Physical health still getting 10 times as much attention as mental health - UKCP research shows
Mental health is still the poor relation to physical health as far as parliament is concerned.
New research by the UK Council for Psychotherapy (UKCP) shows that despite passing a law last year giving mental and physical health equal importance, mental health issues are rarely raised in parliament.
An analysis of oral health questions by MPs since March 2012 shows that:
- Of 584 questions put to health ministers, only 18 focused on mental health conditions (just 3% of the total)
- Of 187 questions about specific health conditions, 169 were about physical health and 18 were on mental health (90% on physical health, 10% on mental health)
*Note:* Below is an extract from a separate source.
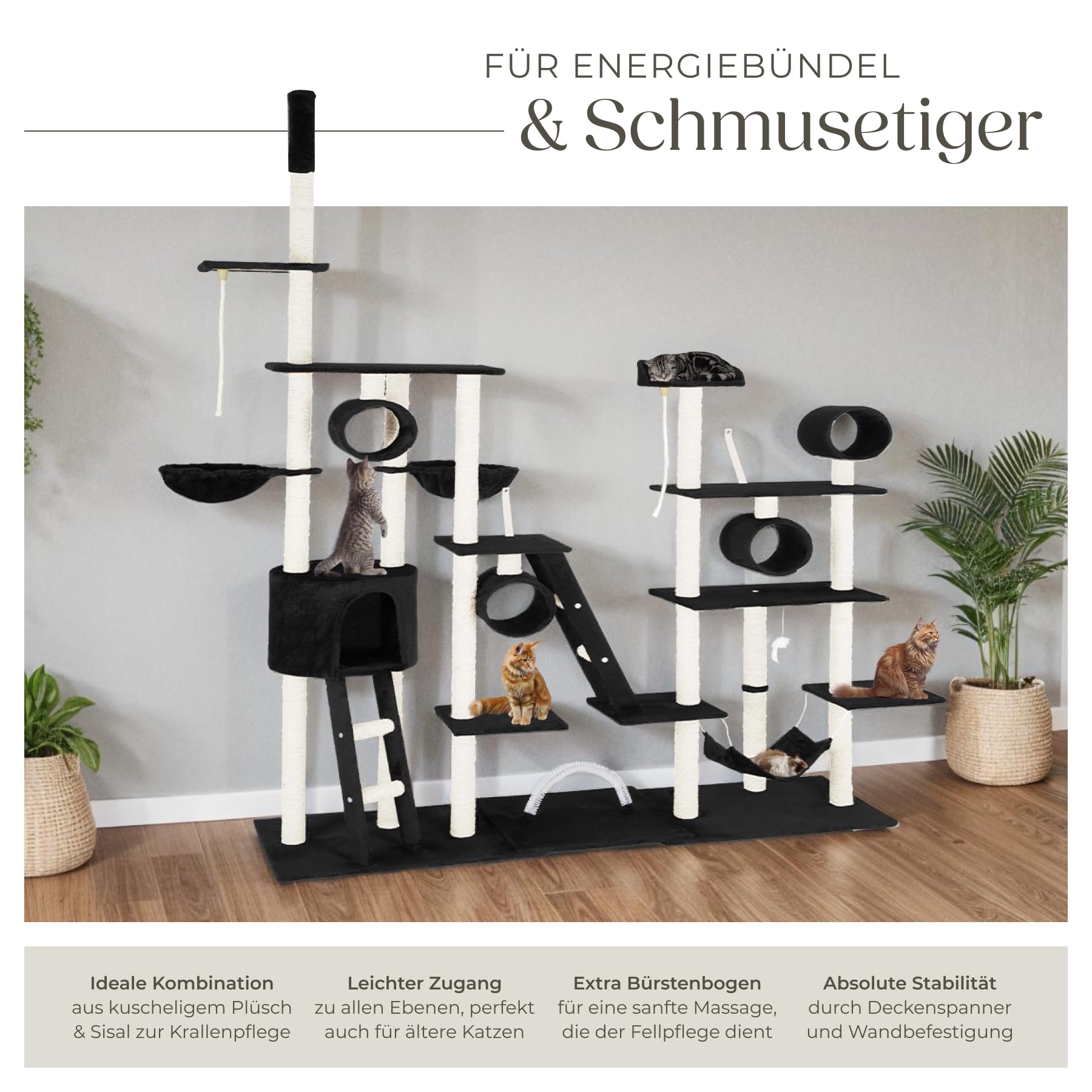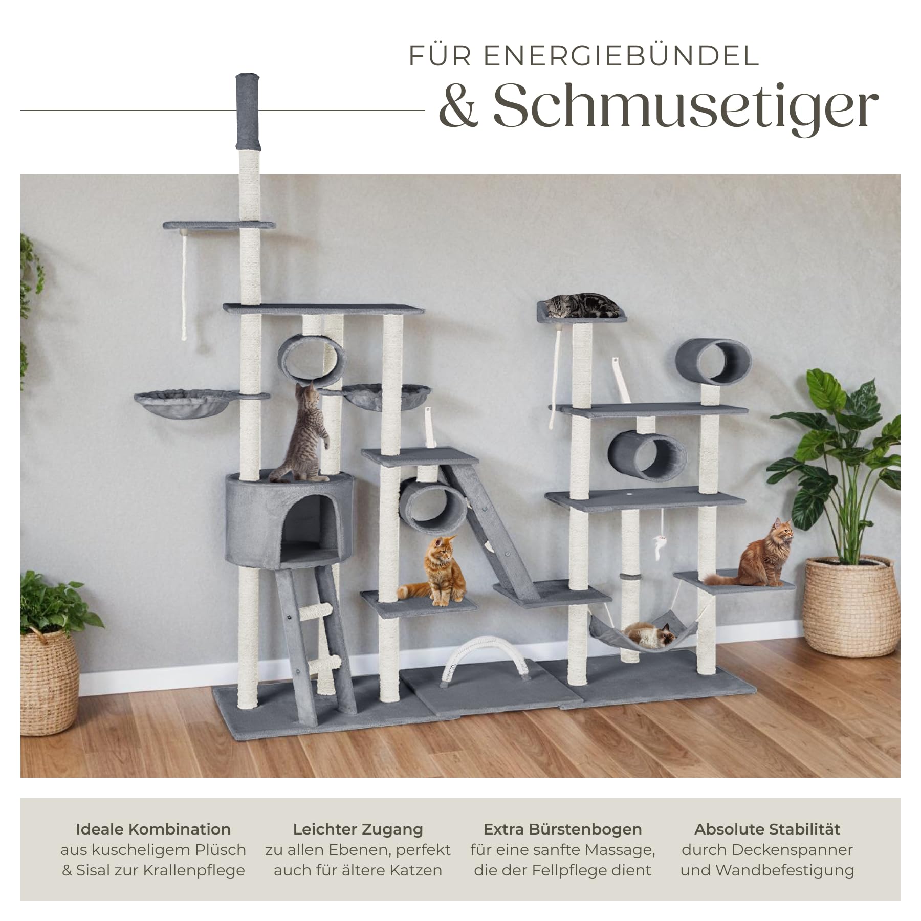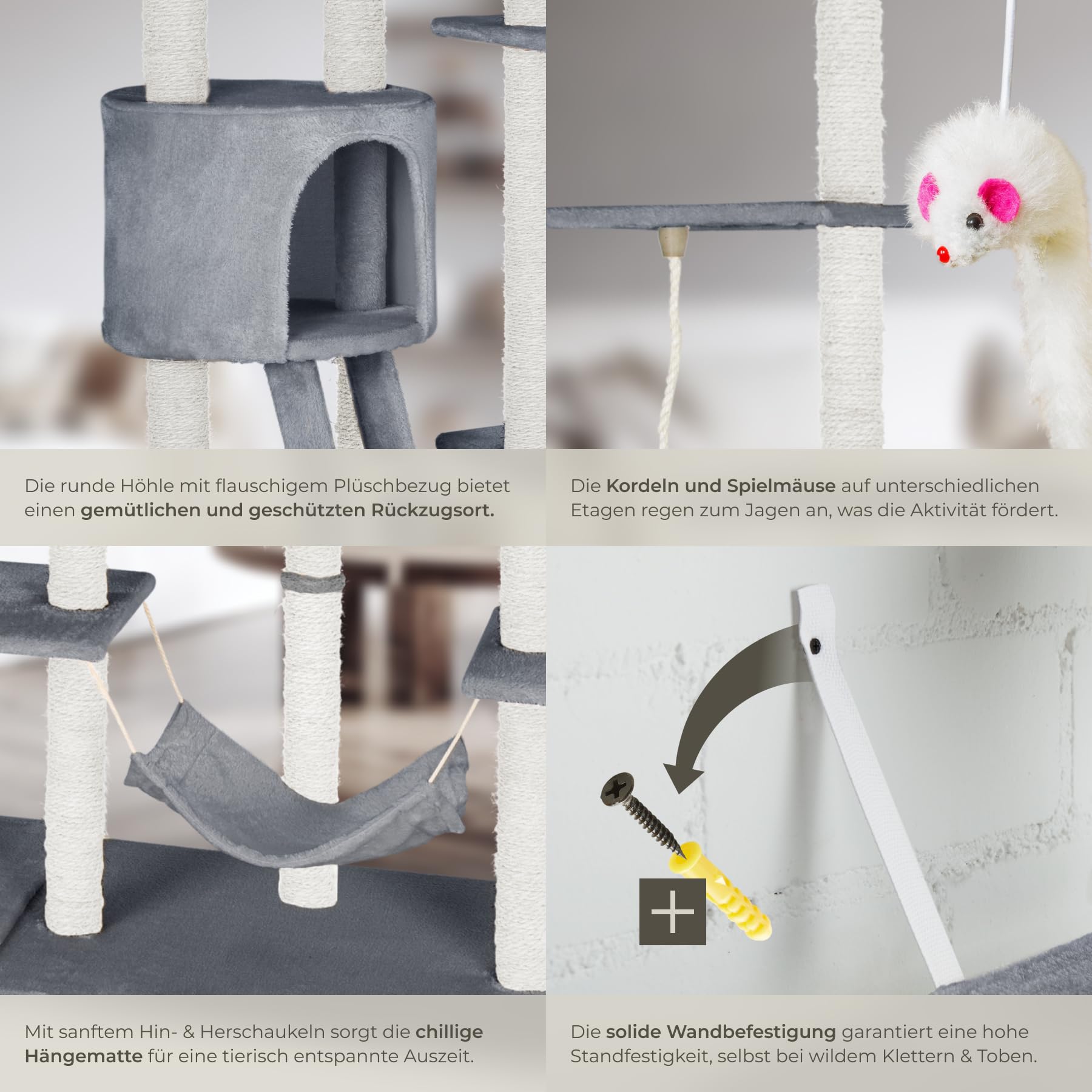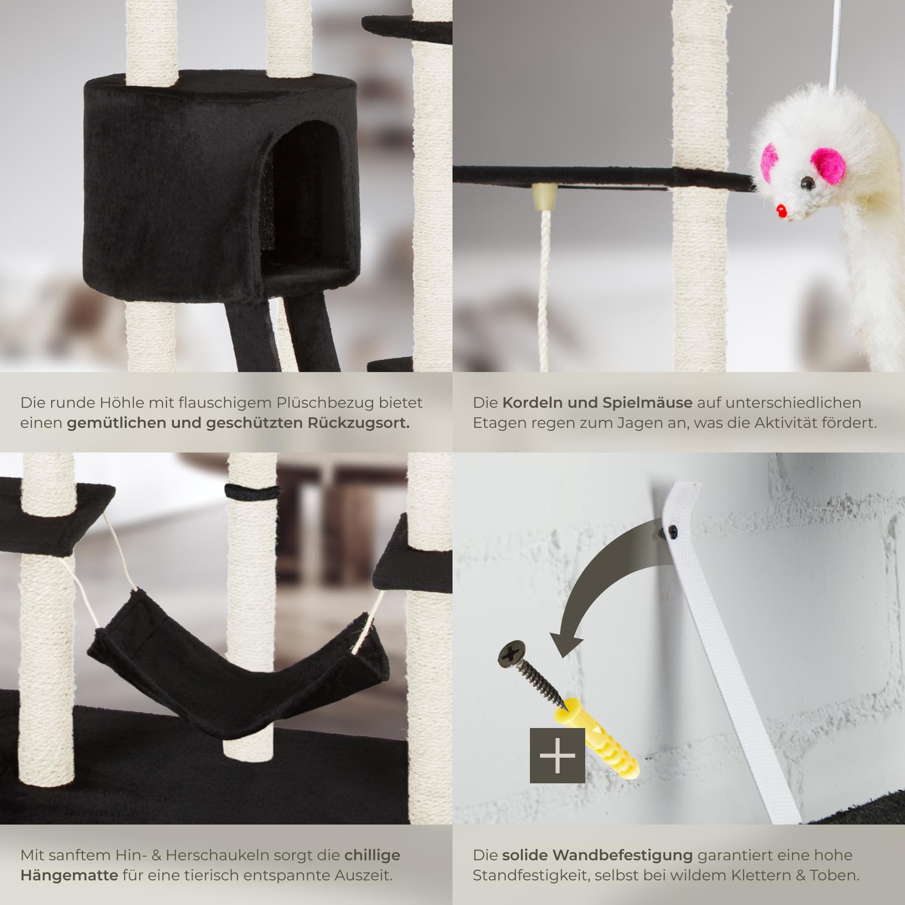 - KATZEN KLETTERWAND AUF MEHREREN EBENEN FÜR ABWECHSLUNG: Mit mehreren Ebenen bietet dieser Kratzbaum deckenhoch jede Menge Platz für Abenteuer. Deine Katze kann auf dem Katzen Baum klettern, sich ausruhen und von einer Ebene zur nächsten springen. Der Katzenbaum XXL ist ideal für neugierige Katzen, die gerne ihre Umgebung erkunden und hoch hinaus wollen.

- Only 24 questions acknowledged the cross-over between our physical and mental wellbeing (4% of total questions)
David Pink, chief executive of UKCP, said:
"There are a few MPs that have gone out of their way to raise the profile of mental health in this country. We must praise and encourage the work of people like Paul Burstow, Jack Straw, Charles Walker and others. But this research reveals that they remain a small minority.
"Our emotional and psychological wellbeing is too important to remain on the sidelines. It touches every family in the country and it needs to become everybody's business, inside parliament and out."
Paul Burstow MP, former government minister for mental health, writing exclusively in UKCP's summer edition of The Psychotherapist, said:
"The interdependence of mental and physical health should mean that we are pushing on an open door.
"But somehow the NHS default remains stubbornly biased towards physical health.
"It is a terrible false economy at the expense of people's lives - as well as the public purse."